Effect of Temperature on Structure and Performance of In-House Cobalt-Tungsten Carbide Catalyst for Dry Reforming of Methane

The bimetallic carbide catalyst Co6W6C has been shown to be useful for the reforming of methane to synthesis gas (methane dry reforming). With use of material manufactured by Nanodyne, work in this laboratory has indicated that the catalyst is converted to a more stable form, containing Co, WC, and C, and this form is active and stable for the production of synthesis gas. Further, in-house preparation can yield Co6W6C with similar catalytic properties.

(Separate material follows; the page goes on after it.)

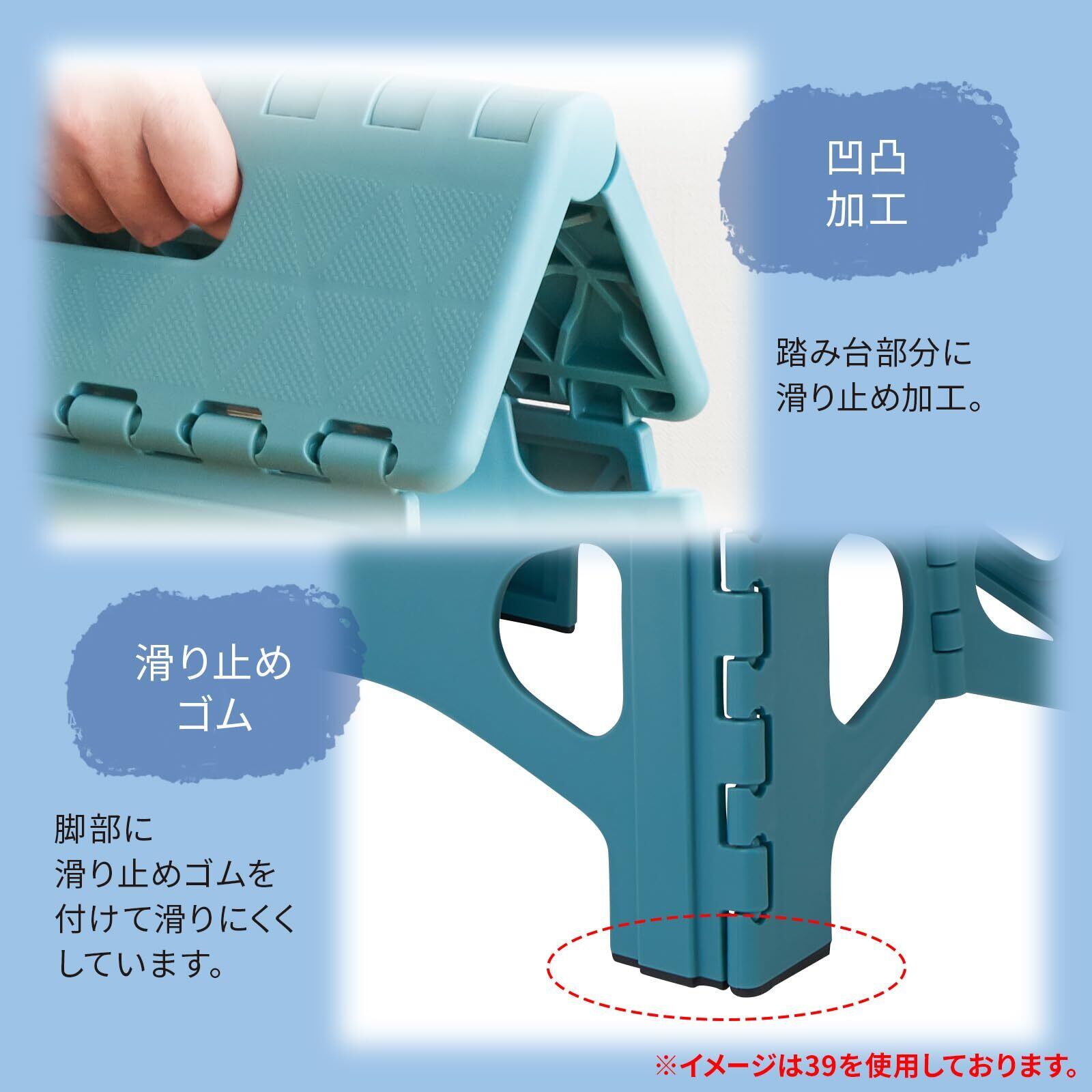 ●軽くて丈夫、スリムに収納できます。●踏み台の表面には凹凸加工を施し、脚部には滑り止めゴムを付けて滑りにくくしています。●上部には持ち手が付いているので、移動させる際も大変運びやすいデザインとなっています。●使用しない時はコンパクトに折りたたむ事が出来ます。

In this work, the in-house catalyst was used for dry reforming at temperatures ranging from 500 (degree)C to 850 (degree)C, and then back down to 500 (degree)C. The fresh and spent catalysts were characterized by BET, XRD, SEM, and EDS. The catalyst was found to be ineffective below 850 (degree)C. However, once the catalyst is exposed to reactants at that temperature, the activity is much greater at lower temperatures than the activity before exposure at 850 (degree)C. XRD, SEM, and EDS indicate that the low-temperature catalyst is different from that exposed to 850 (degree)C. However, after returning the catalyst to the lower temperatures, the structure is similar to that at 850 (degree)C. After reaction at 850 (degree)C, the amount of oxygen (oxides) is decreased and the presence of carbon is increased. Reactant methane at 850 (degree)C (or higher) reacts with oxides left during the preparation procedure and converts the surface to a more catalytically active state containing carbon.